Rolling up your shirtsleeves has long been associated with the idea of working hard. I have zero issues with working hard – but you should work smart as well. I was reminded of this recently in a discussion with a colleague regarding a table that stores distinct record counts by day. The idea behind the design was to allow for a quick rollup to determine how many distinct records were added over the course of the month by adding the daily values. Putting it nicely, that is a terrible idea. With this particular data set, transactions can change over the course of several days, weeks, and even months or years. To illustrate how this can lead you down the road to ruin, I’m going to use an example everyone should be able to understand – church records.
Let’s say I am going to start with two key measures of success – offerings and attendance (a head count metric applicable in every business) at Sunday services. For now, I’m going to exclude any dimensional data, and focus on these two metrics. Because you aren’t going to take roll call in Sunday service, and the offerings all get tossed into a collective plate, the individual attendee and/or donation cannot be determined as the grain of the table. Instead, the grain is the Sunday service (for now we’ll assume a single service per week for simplicity). Here is a sample data set for the four Sundays in a single month.
1st – $100, 4 attendees
2nd – $100, 5 attendees
3rd – $200, 10 attendees
4th – $120, 8 attendees
Rolling the dollar amounts up is pretty straightforward – the sum of all four Sundays is $520. The average per week is $520/4 = $130. Even the average donation per attendee works, either at the rollup level or at the individual service. Fact tables are built for accumulating dollar amounts, so this should work all the time.
The headcount attendance metric, on the other hand, is a bit more complex. It is a count distinct at the weekly service level. As such, it is impossible to do analytics and effective rollup on this metric. For example, it may be that you only have 10 distinct people in total for all 4 weeks. On the other hand, you may have 27 distinct attendees, as none of them attended twice. It’s most likely that there is some combination of the two, with some having attended just once, and others having attended multiple times. This is the key problem with a rollup of a count distinct values as a metric. Unless you have the most atomic level of the metric’s data within the grain of the fact, there is no way you can absolutely and with certainty parse out the data and allocate it well enough to discern what the count distinct value would be rolled up to over a period of time (in this case, over the course of a month).
This is not a new problem. In the preface to Virginia Soldiers in the Revolution, Hamilton J. Eckenrode discusses this at length. On page 5, he states, “Unfortunately such payments [for militia service] are generally put down as having been made to some officer for himself and his company as a whole…” In other words, when the total payment record for the militia company has been rolled up to the company level, there’s no method by which even today’s data scientist can determine to whom the payments were eventually made. Not only does this prevent knowing the details of the individuals who served (name, rank, etc.), but it also prevents us from knowing how many served – or even for how long that particular tour lasted.

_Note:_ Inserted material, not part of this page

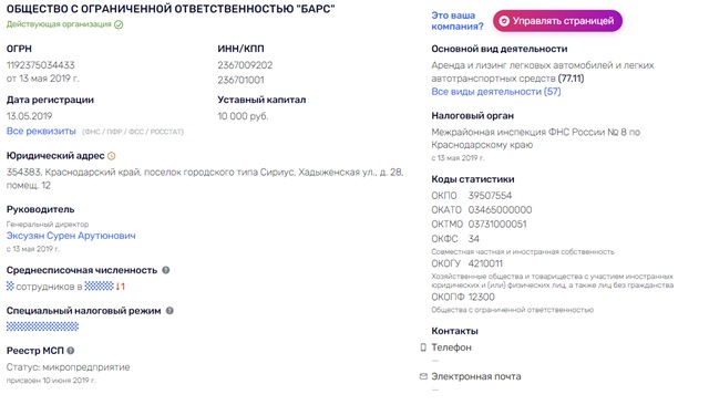 По интересному совпадению на территории храма зарегистрировано некое ООО "Барс", которое занимается арендой и лизингом легковых автомобилей и лёгких автотранспортных средств. Генеральным директором коммерческой компании является Сурен Эксузян: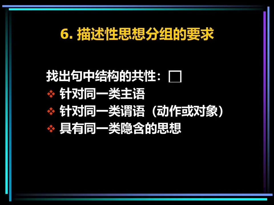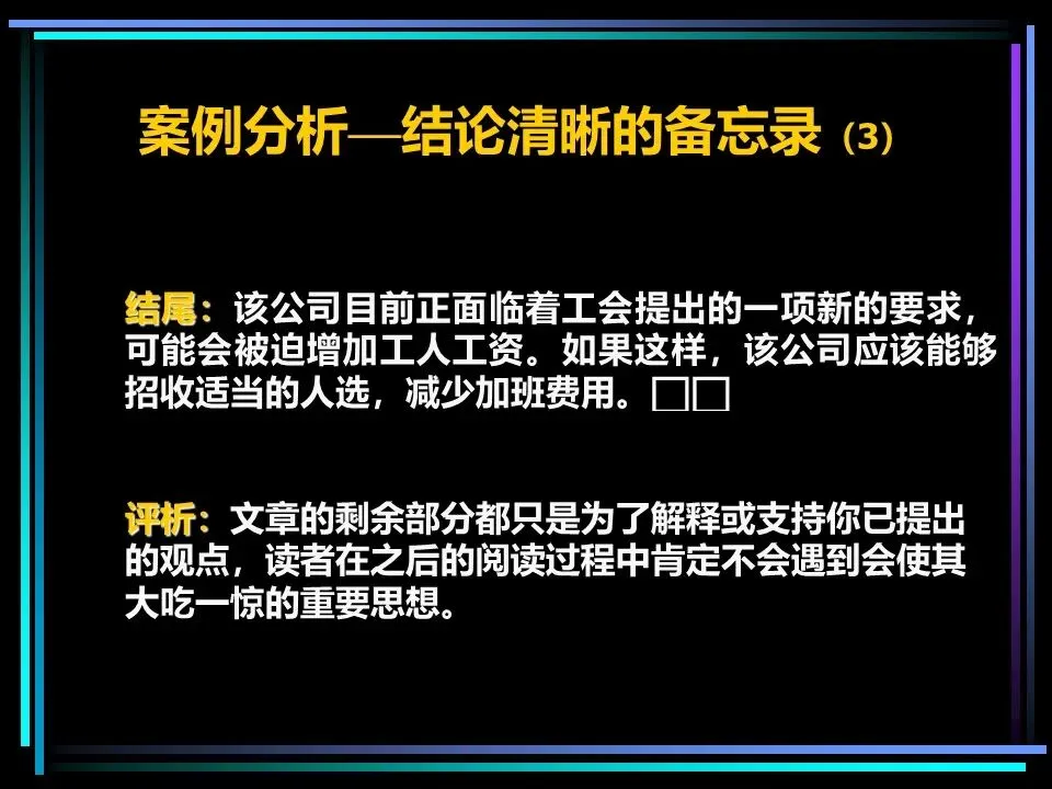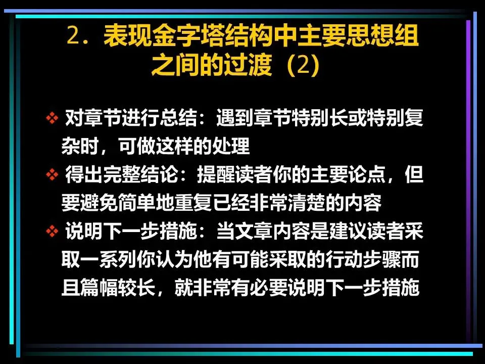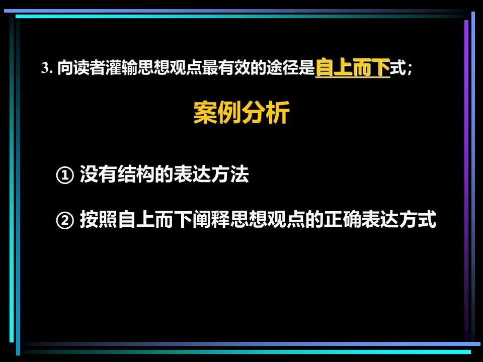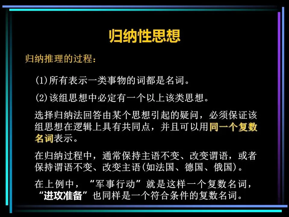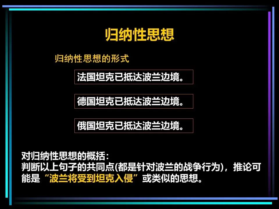 归纳法则是将相似的思想归为一组,提炼其共性,得出结论。比如“法国坦克已抵达波兰边境、德国坦克已抵达波兰边境、俄国坦克已抵达波兰边境”,可归纳出“波兰将受到坦克入侵”的结论,这种方式简洁直观,更易被读者理解,在关键句层次,归纳法往往是更优选择。

Why is this example relevant today? One of the problems with tracking revolutionary war service was that militia soldiers were shuffled through captains and reorganized with each militia call-up. While the speed of reorganization is far quicker than what you will see in today’s modern corporation, the core question is the same – how are your resources allocated throughout the organization? Just as importantly in today’s world, how do you track this over time? As metrics move into analytics, it is imperative that today’s leaders are able to track changes in employee and team performance as management or team organizations change. For more detailed reading on this, I highly recommend Jac Fitz-Enz’s books, specifically The New HR Analytics. In the meantime, please don’t roll up distinct counts as gospel – if you do, you’ll run the risk of adding 2+2 and getting 5.